In setting out to write his book, DeVita knew that he’d need a co-author.
“People told me it’s always a mistake to work with your family,” he says. “But I realized that Elizabeth had a lot more information since she was with us for the whole process. So she took over.”
DeVita handed his daughter a manuscript of 320,000 words. He got back 110,000 words. “I almost had a heart attack,” he says. “But then I read it and said, ‘This is good.’ She recognized the good stories. She also brought a lot of warmth. Many times Elizabeth and Mary Kay would be sitting there talking with me, and Elizabeth would ask, ‘Well, where were you, what was happening at the office, what does the office look like, what color are the walls?’ — things that I would never, as a medical person, bring into a story. I knew she was good; I just didn’t realize how good she was.”
For Elizabeth, the collaboration gave her an opportunity rarely available to children to view the full scope of a parent’s life.

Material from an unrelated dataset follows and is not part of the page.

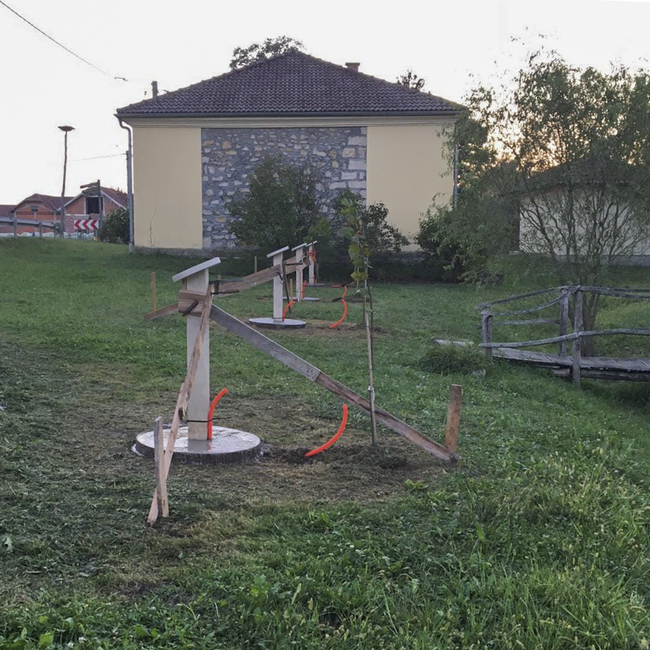 Betoniranja postolja oko postavljenih pločica u Aleji prvašića OŠ Glina – Marindvor

“I was there for it, but my perspective was that of a child. Working on the book, I got to understand my father’s life in a much more in-depth, rich way than I would have otherwise.”

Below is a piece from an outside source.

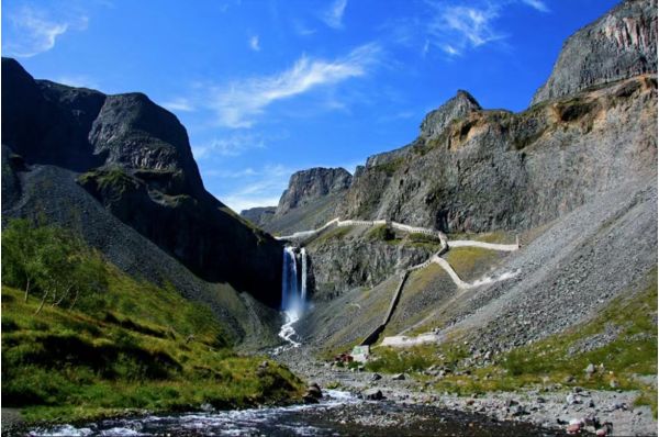 冰涼的河水先是在一段約有600米平緩的地勢里輕歌曼舞般地悠然地散步。緊接著地勢突然向北陡斜,輕緩的河水也立刻情緒沖動起來,暴躁、奔騰、咆哮,一副桀驁不馴的架勢,一路而來跳躍,在距天池約1250米的地方經伏牛石巨石的切割,河水改做一大一小的兩股從懸崖上一躍而起,從懸崖峭壁上飛流直下68米,與天然屏障玉壁,金壁相映,恰似兩條玉龍從天而降。飛跌過程中兩條玉龍攪合在一起,水勢更加兇猛,張開大口勇猛地吞噬著突起的石灘,沖向深深的潭底濺起幾丈高的飛浪,十幾丈的水霧,形成了壯美的長白飛瀑。

“It turned out to be an absolutely fabulous experience,” DeVita says. “Writing the book with Elizabeth was one of the greatest experiences of my career.”
'The best is yet to come'
Now the Amy and Joseph Perella Professor of Medicine at Yale, DeVita has no plans for retirement. He is consulting with Congress on the new National Cancer Moonshot Initiative, headed up by Vice President Joe Biden, and working on the 11th edition of Cancer: Principles and Practice of Oncology.
DeVita will be on sabbatical this fall, and the family will come home to William & Mary. He and Elizabeth plan to review his papers in the Swem archives with the intention of writing a second book.
Under the tutelage of Frei and Freireich, DeVita learned never to give up hope.
“To dedicate yourself to helping people survive, especially to survive this disease, you had to be an eternal optimist,” he writes.
He remains optimistic.
“If a doctor tells you, ‘There’s nothing I can do for you,’ find another doctor. There’s something we can do for virtually anyone with cancer. And the best is yet to come.”